La Direzione regionale delle vacuità, delle ipocrisie, dell’inconcludenza

Il discorso politico veneto si è progressivamente immiserito fino al punto di essere disertato da quasi tutta la classe dirigente locale, in primis coloro che nel passato venivano identificati come intellettuali, che per opportunismo o rassegnazione ritiene che la pratica del governo regionale abbia trovato il PRM (Public Relation Man) adatto ad occuparsene per tutti.

Cosicchè anche a Sinistra, di fronte al crollo elettorale, non si erge nessun saccente (ed un po’ qualunquista) morettiano ad esclamare: “Con questi dirigenti non vinceremo mai!”, salvo registrare la vibrante lectio magistralis di Natalino Balasso (su testo originale di Alessio Mannino) rivolta ai ‘superveneti’ affinchè escano dal torpore della zaiatudine.

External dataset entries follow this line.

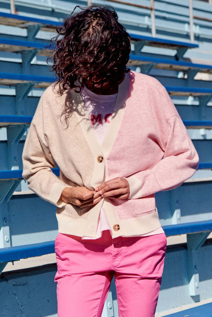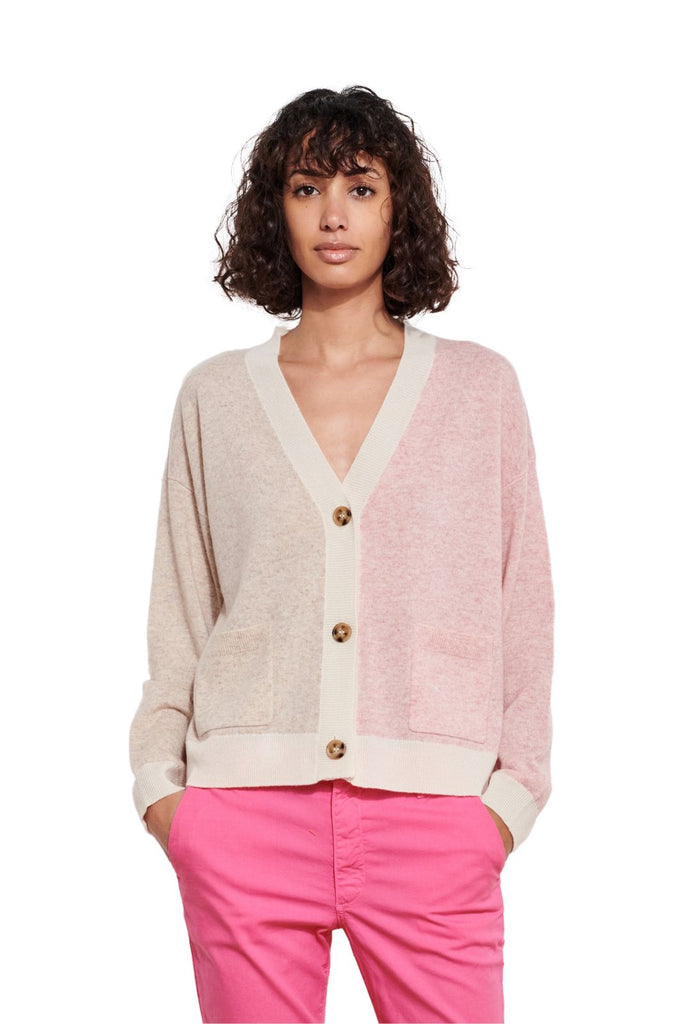 2 Tone Boxy Cardigan Oatmeal/Rosewater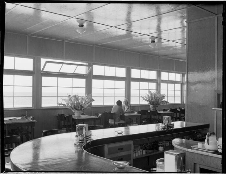 Image of automobiles at Point Mugu Lagoon, on Oxnard-Santa Monica Boulevard on the Roosevelt Highway (later Pacific Coast Highway), in Malibu, California.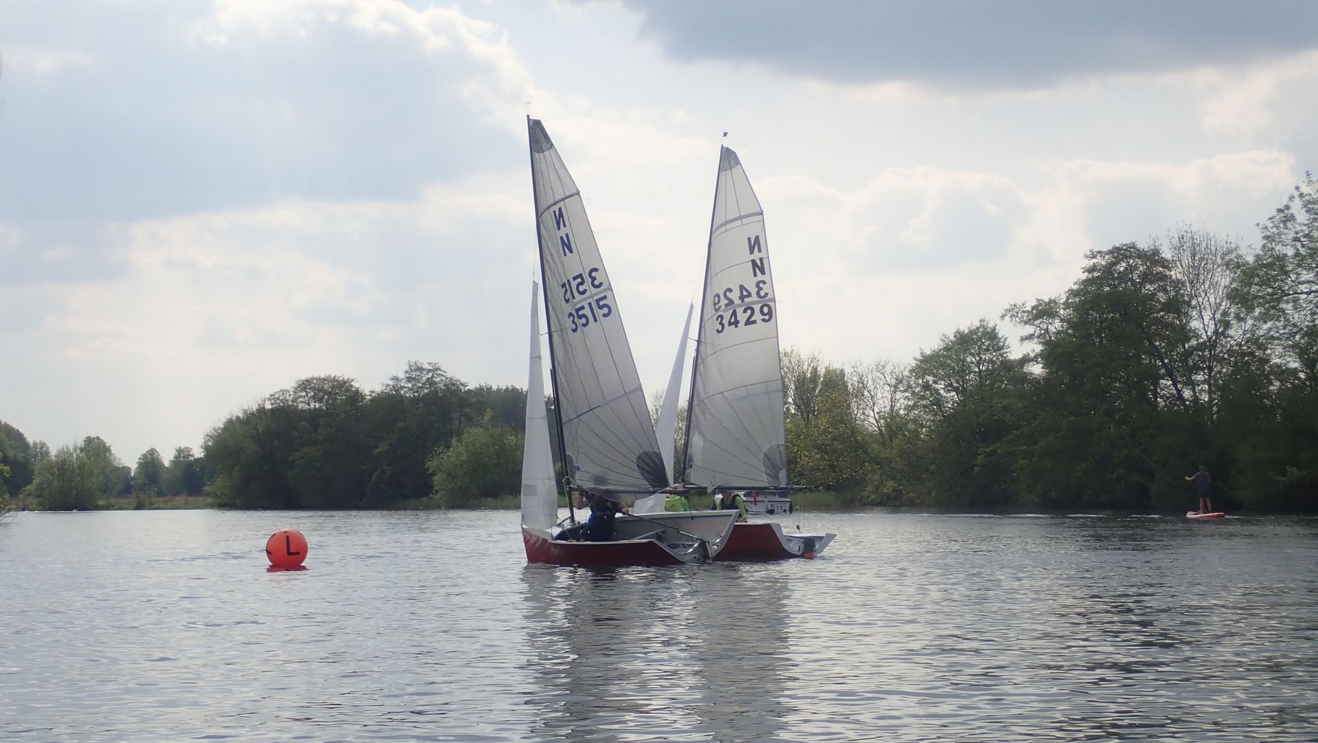 Teams started to arrive and by 1:50pm, Carina was ready for her first race of the season, Helmed by Dan with Simon on the jib. The sun was out, and the occasional breeze was warm and light. For much of the morning the anemometer had barely moved but now an occasional force 1 was blowing from many directions.

Per sobrietà e consapevolezza dai più si ritiene che non si sia in presenza di dirigenti o leader, bensì – nel caso della maggioranza – di abili amministratori di bottega, – in quello dell’opposizione – di abatini senza la forza e l’autorevolezza di sottrarsi alla subalternità in atto da oltre un decennio.

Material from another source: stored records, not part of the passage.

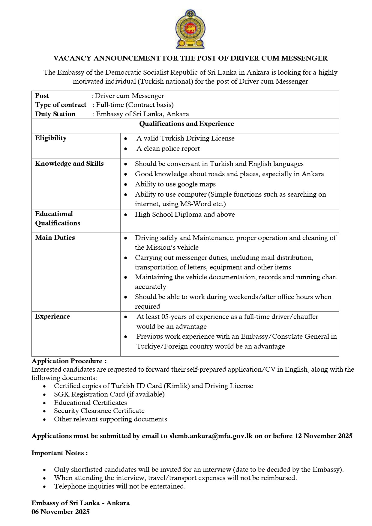 VACANCY ANNOUNCEMENT FOR THE POST OF DRIVER CUM MESSENGER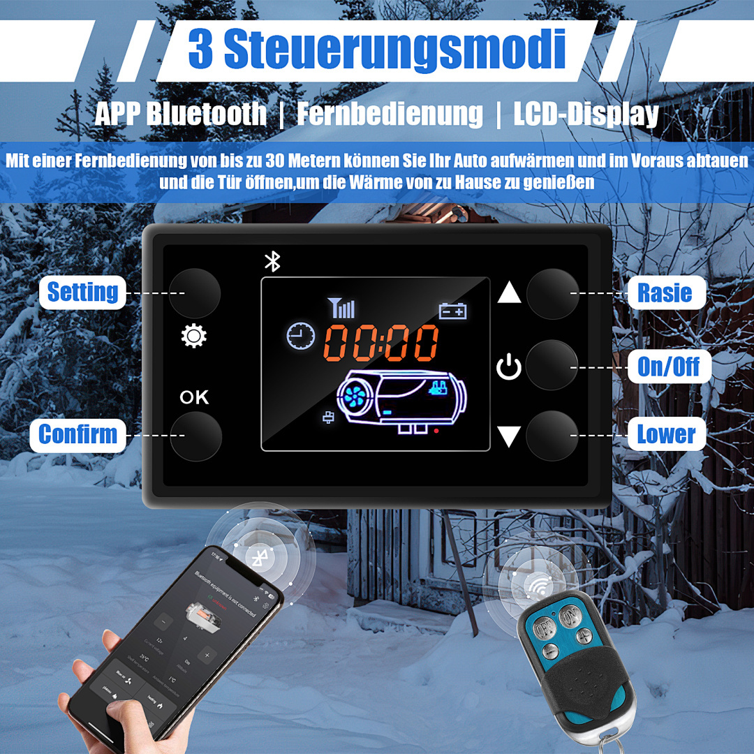 🔥 Intelligente Steuerung: Ausgestattet mit einem LCD-Display und Bluetooth-Steuerung über das Smartphone, ermöglicht es Ihnen, das Fahrzeug fernzuvorheizen und die Temperatur einzustellen, mit einer Reichweite von bis zu 30 Metern.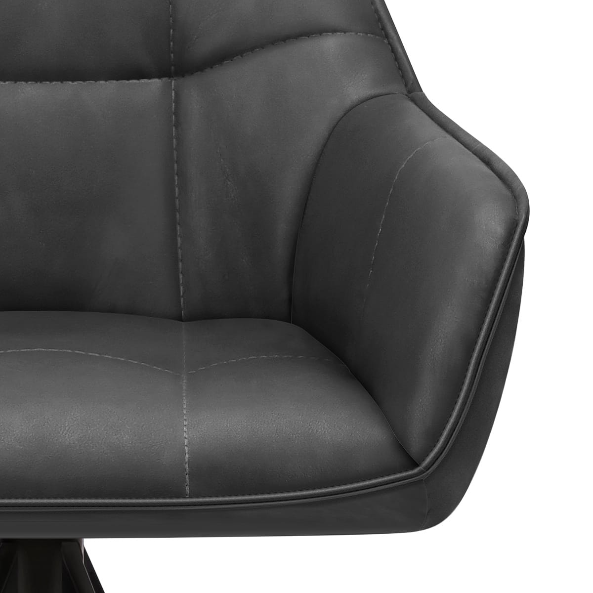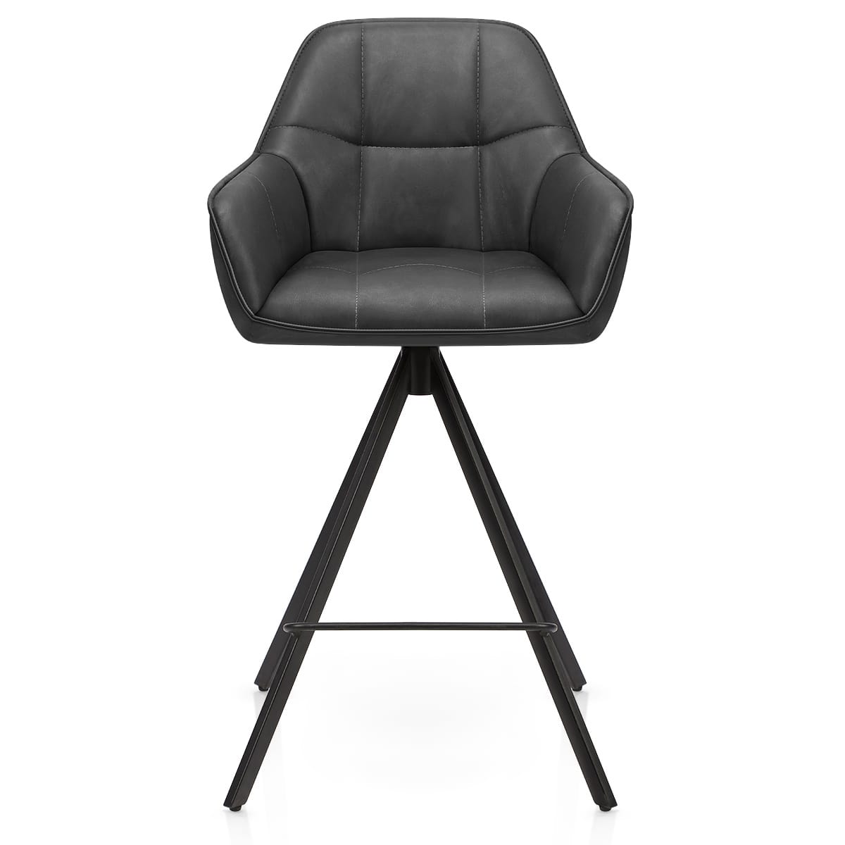 Covered with charcoal faux leather, the seat lifts familiar features from armchairs like the reassuring arms and the tall, supportive backrest. Along the edges of these and the thickly padded seat pad is decorative piping, and at the back of the backrest is a handle, allowing for easy relocation or turning of the stool. Similarly, the front facing sides of the seat are stitched with a grid pattern for detail.

Insomma i veneti non si debbono attendere prestazioni e versioni diverse da quelle che passa il Convento di Palazzo Balbi, adeguatamente confezionato e propagandato dai media locali.

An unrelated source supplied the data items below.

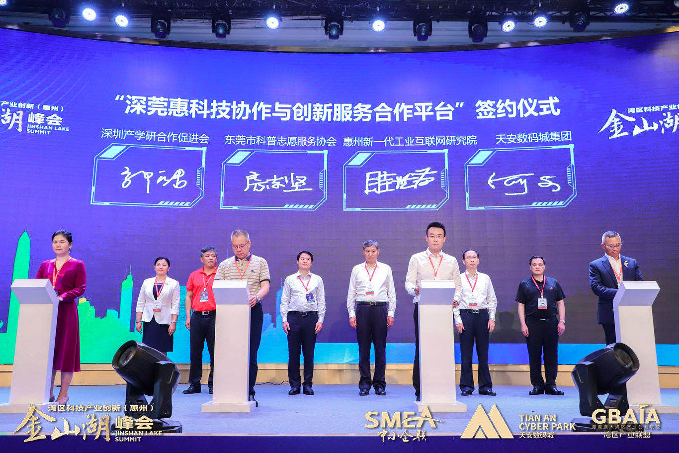 峰會(huì)當(dāng)天,在廣東省科學(xué)技術(shù)協(xié)會(huì)黨組書記鄭慶順,惠州市委常委、市政府常務(wù)副市長(zhǎng)何廣延,深圳市科學(xué)技術(shù)協(xié)會(huì)黨組書記林祥,東莞市科學(xué)技術(shù)協(xié)會(huì)一級(jí)調(diào)研員李小兵,惠州市科學(xué)技術(shù)協(xié)會(huì)黨組書記羅金星,惠州市科學(xué)技術(shù)協(xié)會(huì)主席費(fèi)霞的見(jiàn)證下,深圳產(chǎn)學(xué)研合作促進(jìn)會(huì)郭皓、東莞市科普志愿者協(xié)會(huì)房志堅(jiān)、惠州新一代工業(yè)互聯(lián)網(wǎng)創(chuàng)新研究院眭世榮、惠州市天安數(shù)碼城有限公司何文共同上臺(tái)簽約,正式開(kāi)啟深莞惠科技協(xié)作與創(chuàng)新服務(wù)新篇章。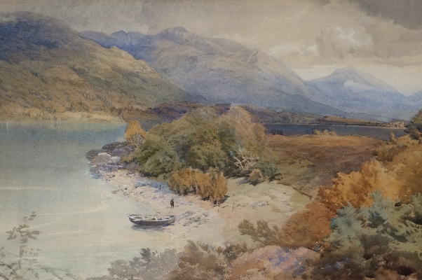 A delightful and restful watercolour sketch of this well-known loch in Argyll and Bute, Scottish highlands, with the ruins of Kilchurn castle in the distance. Thomas Miles Richardson is perhaps our favourite artist from the North East of England - always watercolour work of quality. Signed and inscribed, 'On Loch Awe', lower right.
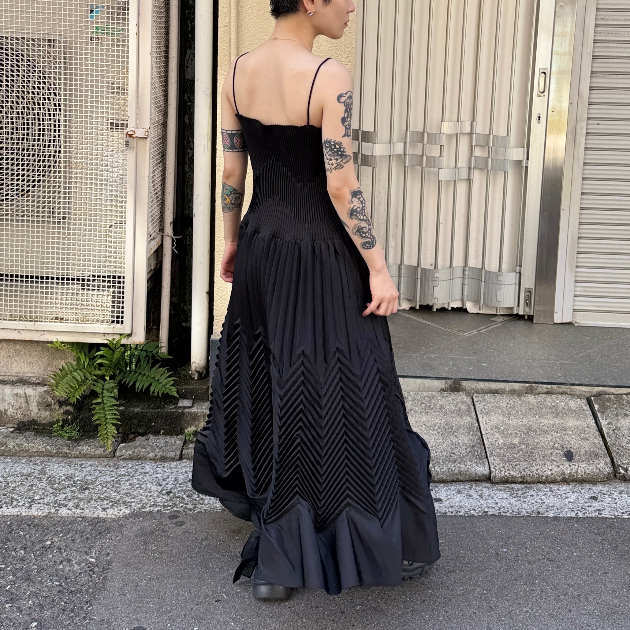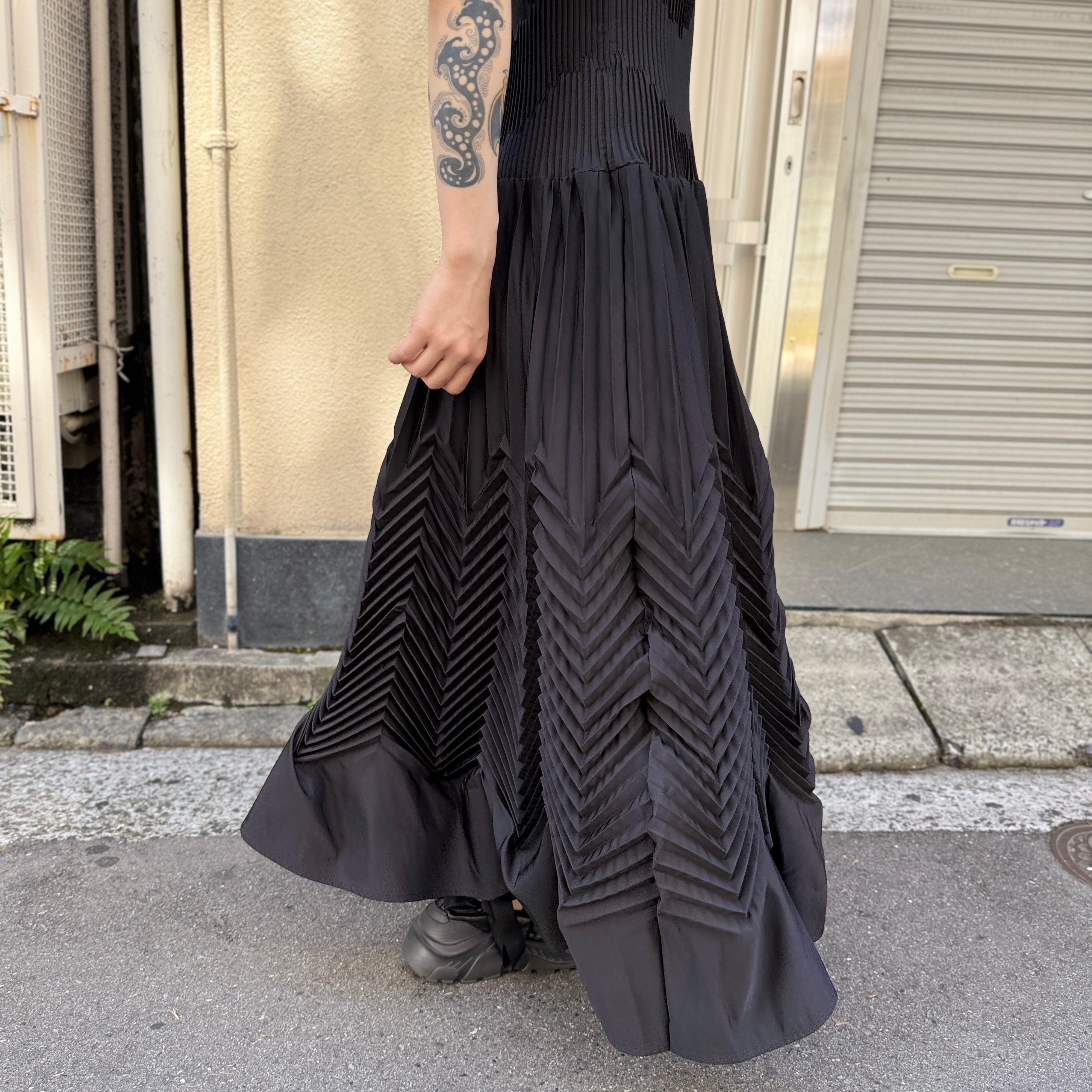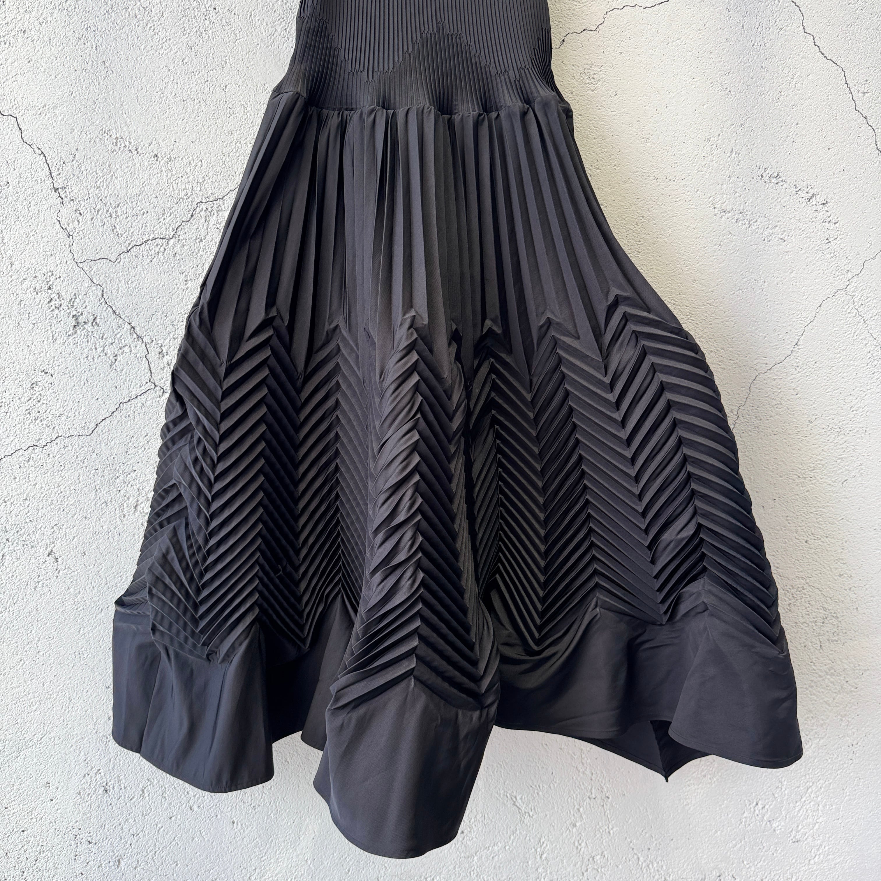 身頃には細かいプリーツの倒し方向を変えることで波柄を表現し、スカートにはジグザグのプリーツで動きを出しています

Il fatto curioso è che questa lettura della realtà è assunta ed introiettata anche dagli esponenti del Centrosinistra che sarebbero chiamati a contestarla e rovesciarla con analisi e comportamenti distintivi.

Succede quindi che la Direzione regionale del PD, riunita a 18 giorni dallo spoglio delle urne funeste, si risolve in un rito espiatorio che presuppone e si conclude nell’autoassoluzione.

Leggendo la relazione del Segretario ed i resoconti degli interventi, osservando le foto dei presenti, si viene assaliti dal sentimento della tristezza.

Traspare che sentendosi tutti, più o meno colpevoli, per paura che qualcuno dichiari che qualcun altro è più colpevole, la soluzione cercata e trovata con il documento finale è ‘tutti colpevoli, nessuno colpevole’!

La discussione fa paura, il confronto vero, vivace e sincero è bandito.

Si vuole trovare conforto in un partito che da alcuni anni si esprime sempre e solo per mozioni unitarie.

Perché il timore non palesato è di diventare minoranza: pertanto il mantenimento dei ruoli di potere avviene per desistenza reciproca e, come in tutte le Organizzazioni destinate all’estinzione gli equilibri e gli inserimenti negli organigrammi vengono gestiti sempre e solo per cooptazione.

Basti segnalare che in una Direzione che doveva confrontarsi sulle scelte post sconfitta drammatica, degli eletti in Consiglio Regionale solo uno ha sentito il dovere od ha trovato il coraggio di intervenire.

E ciò non casualmente: la dialettica esplicita, il confronto delle posizioni è considerato inutile: tutto si concentra nei conciliaboli ed ammiccamenti interpersonali.

Per l’Osservatore veneto questo significa che il partito è morto, in quanto il suo cuore non pulsa più e non scalda più nemmeno gli attori che dovrebbero quanto meno dargli una seppur apparente rappresentazione di vitalità.